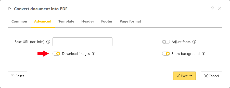 In the Advanced tab, activate the Download images option to add images from external urls to the PDF, which will be used in this example.
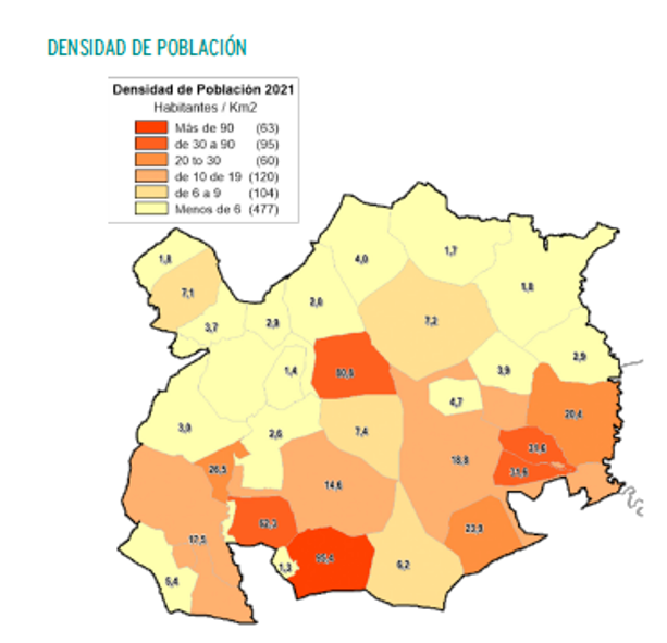 En lo que se refiere a las densidades de población, su distribución geográfica tiene en cuenta la orografía al situar en las zonas de llanura del área sur de la Comarca los municipios más densamente poblados. Así, excepto Motilla del Palancar, que se sitúa en el área central con 80 Hab./ Km², el resto de los municipios más densamente poblados se sitúa en la periferia sur de ADIMAN, destacando entre ellos a Quintanar del Rey con 95 Hab./Km².
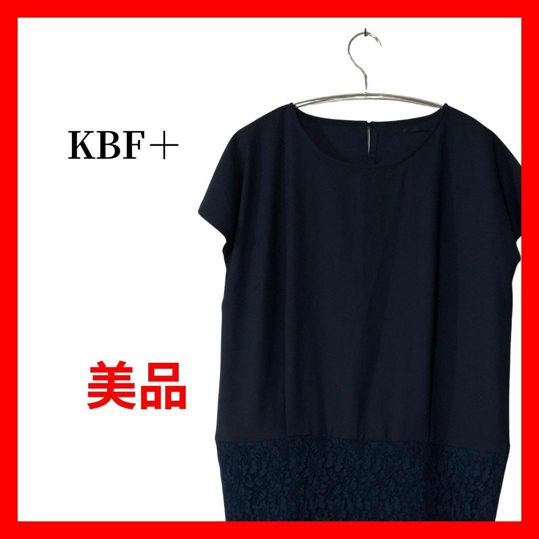 - 紺色 半袖ワンピース レース 切り替え フリーサイズ B1851
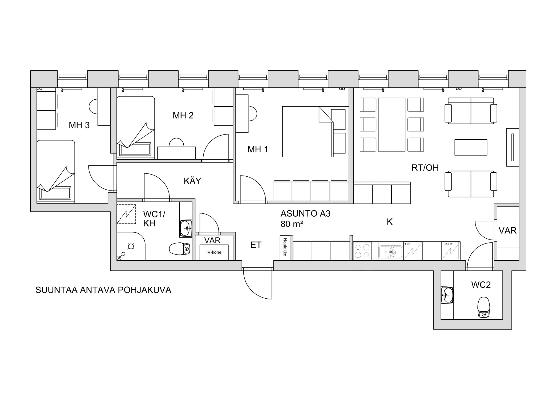 3h+avok, 81 m², 1-krs, joenrantanäkymä
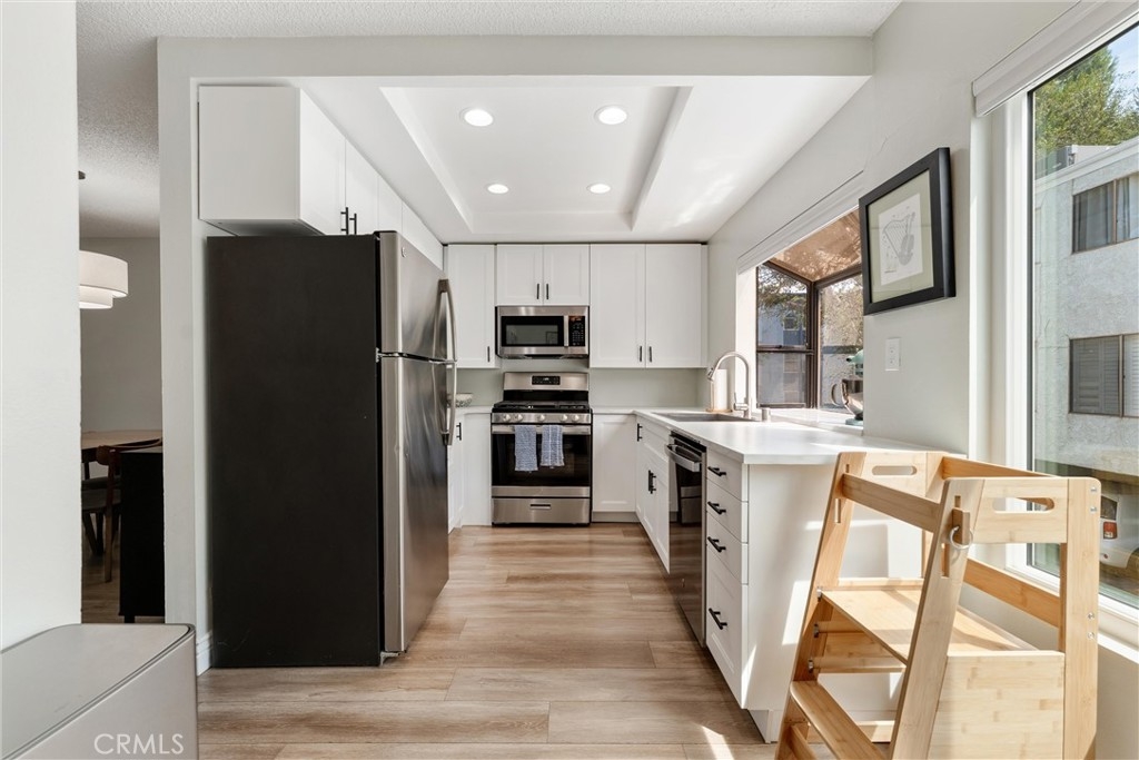 Your Reseda Oasis Awaits! Welcome to this spacious, two-bedroom, two-bathroom unit, offering over 1,000 square feet of comfortable living space in the desirable Country Walk community in Reseda. This unit is not on the main street, providing a quiet, peaceful living environment. Step inside to a home filled with natural light, featuring high ceilings, a spacious living room with a cozy fireplace and a skylight. The freshly painted interior and new flooring create a bright and inviting atmosphere. The newly remodeled bathroom offers modern appeal. The updated kitchen is a cook's delight, with modern stainless steel appliances and lots of counter space. The home offers a great floor plan with good-sized bedrooms and a walk-in closet in the primary bedroom. You'll love the beautiful landscaping and a large front patio that's perfect for relaxing or entertaining. A unique feature is the direct access from the unit to the one-car garage, with an additional assigned parking space right next to it. As a resident, you'll also have access to the community pool, perfect for relaxing on a hot day. *****Seller will consider all offers, including those offers that include Concessions*****
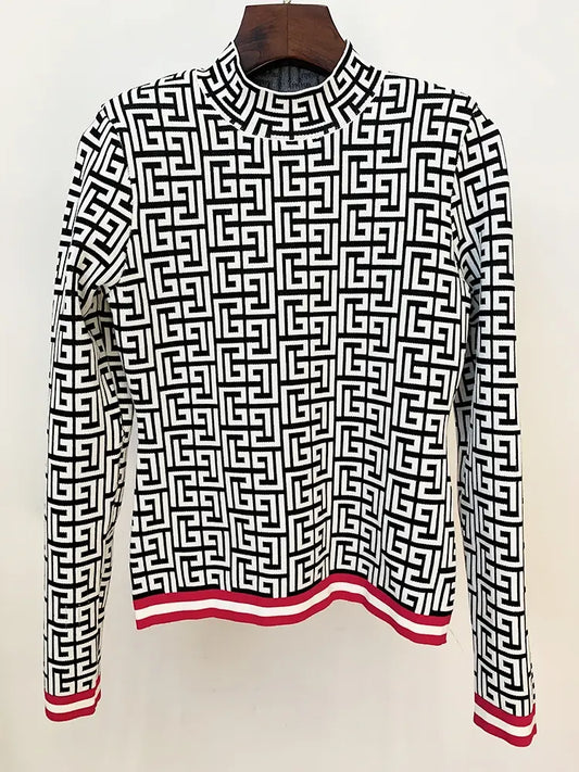 HIGH STREET Newest 2024 Designer Fashion Women Color Block Ribbons Geometric Monogram Jacquard Knit Pullover Sweater
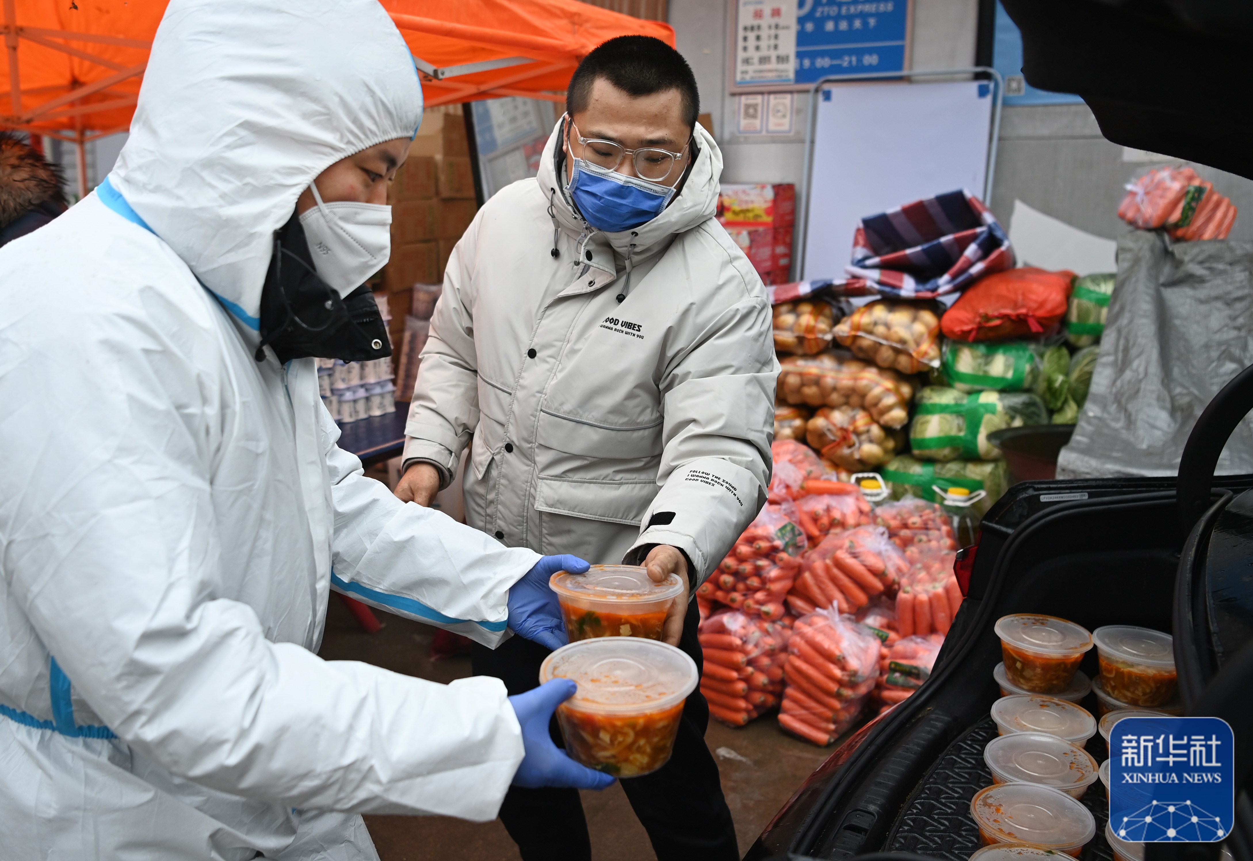 1月8日,志愿者在為防疫一線人員運(yùn)送“愛(ài)心餐”。
-------------------------
• AIM OF THE EXERCISE
Restrict the output to the lines from the one with "Your Reseda Oasis" through the last line of the material above. Print them exactly, leaving out every picture.

• SOLVED EXERCISE
 Your Reseda Oasis Awaits! Welcome to this spacious, two-bedroom, two-bathroom unit, offering over 1,000 square feet of comfortable living space in the desirable Country Walk community in Reseda. This unit is not on the main street, providing a quiet, peaceful living environment. Step inside to a home filled with natural light, featuring high ceilings, a spacious living room with a cozy fireplace and a skylight. The freshly painted interior and new flooring create a bright and inviting atmosphere. The newly remodeled bathroom offers modern appeal. The updated kitchen is a cook's delight, with modern stainless steel appliances and lots of counter space. The home offers a great floor plan with good-sized bedrooms and a walk-in closet in the primary bedroom. You'll love the beautiful landscaping and a large front patio that's perfect for relaxing or entertaining. A unique feature is the direct access from the unit to the one-car garage, with an additional assigned parking space right next to it. As a resident, you'll also have access to the community pool, perfect for relaxing on a hot day. *****Seller will consider all offers, including those offers that include Concessions*****
 HIGH STREET Newest 2024 Designer Fashion Women Color Block Ribbons Geometric Monogram Jacquard Knit Pullover Sweater
 1月8日,志愿者在為防疫一線人員運(yùn)送“愛(ài)心餐”。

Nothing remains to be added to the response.